First, KASAN found an unexpected bug in the second patch (Add a reference
to ucounts for each cred). Because I missed that creed_alloc_blank() is
used wider than I found.

Now KASAN has found problems in the RLIMIT_MEMLOCK which I believe I fixed
in v7.
Eric W. Biederman Feb. 23, 2021, 5:30 a.m. UTC | #3
Linus Torvalds <torvalds@linux-foundation.org> writes:

> On Mon, Feb 15, 2021 at 4:42 AM Alexey Gladkov <gladkov.alexey@gmail.com> wrote:
>>
>> These patches are for binding the rlimit counters to a user in user namespace.
>
> So this is now version 6, but I think the kernel test robot keeps
> complaining about them causing KASAN issues.
>
> The complaints seem to change, so I'm hoping they get fixed, but it
> does seem like every version there's a new one.

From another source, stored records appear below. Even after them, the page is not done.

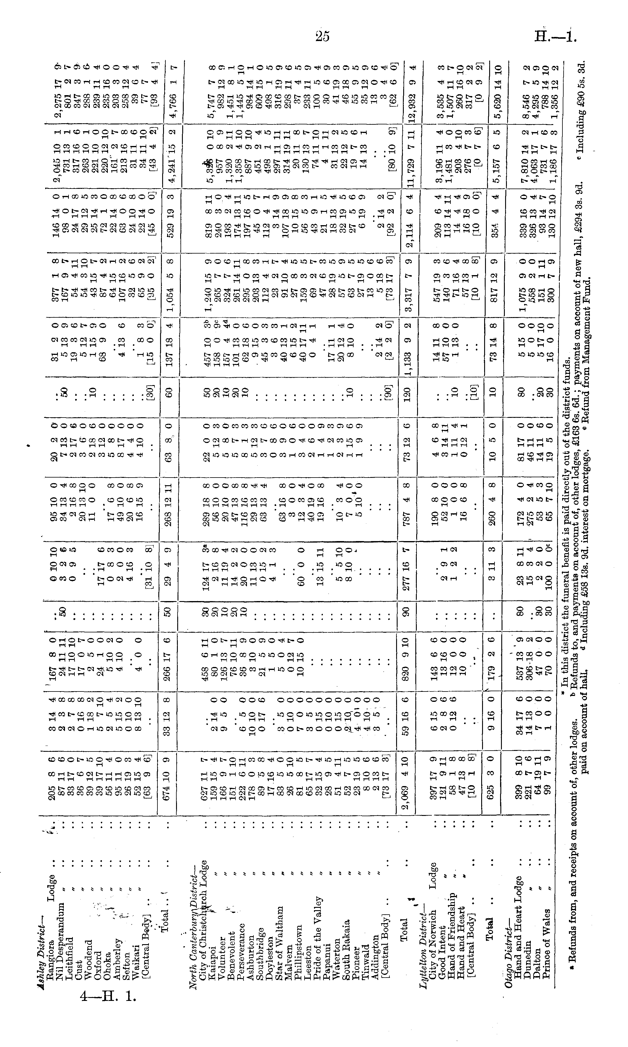 * In this district the funeral benefit is paid directly out of the district funds • Refunds from, and receipts on account of, other lodges. •> Eefunds to, and payments on account of, other lodges, £163 6s. 6d.; payments on account of new hall £294 3s 9d « TndnrKno eon <■ ?i paid on account of hall. " Including £58 13s. 9d. interest on mortgage. « Refund from Jlanagement Fund. ' mciuamg tyo ss. 3d.
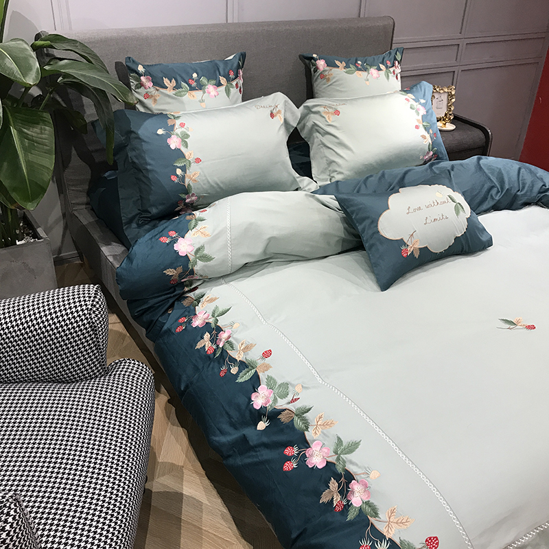 当前位置: 91家纺网 > 商品网购 > 床品套件 > 四件套 > 长绒棉四件套 > 馨蕊家居 60s双股埃及长绒棉四件套 蜜语时光
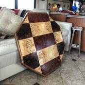 We used redwood burl mappa burl and walnut burl veneers to create the patter for our wonderful table top -- Orginally posted by Dennis

Hmm?

I have been keeping an eye on this as well, and yes the issues are
getting fixed.

My current plan is to aim at getting v7 rebased onto -rc1 into a branch.
Review the changes very closely.  Get some performance testing and some
other testing against it.  Then to get this code into linux-next.

If everything goes smoothly I will send you a pull request next merge
window.  I have no intention of shipping this (or sending you a pull
request) before it is ready.

Eric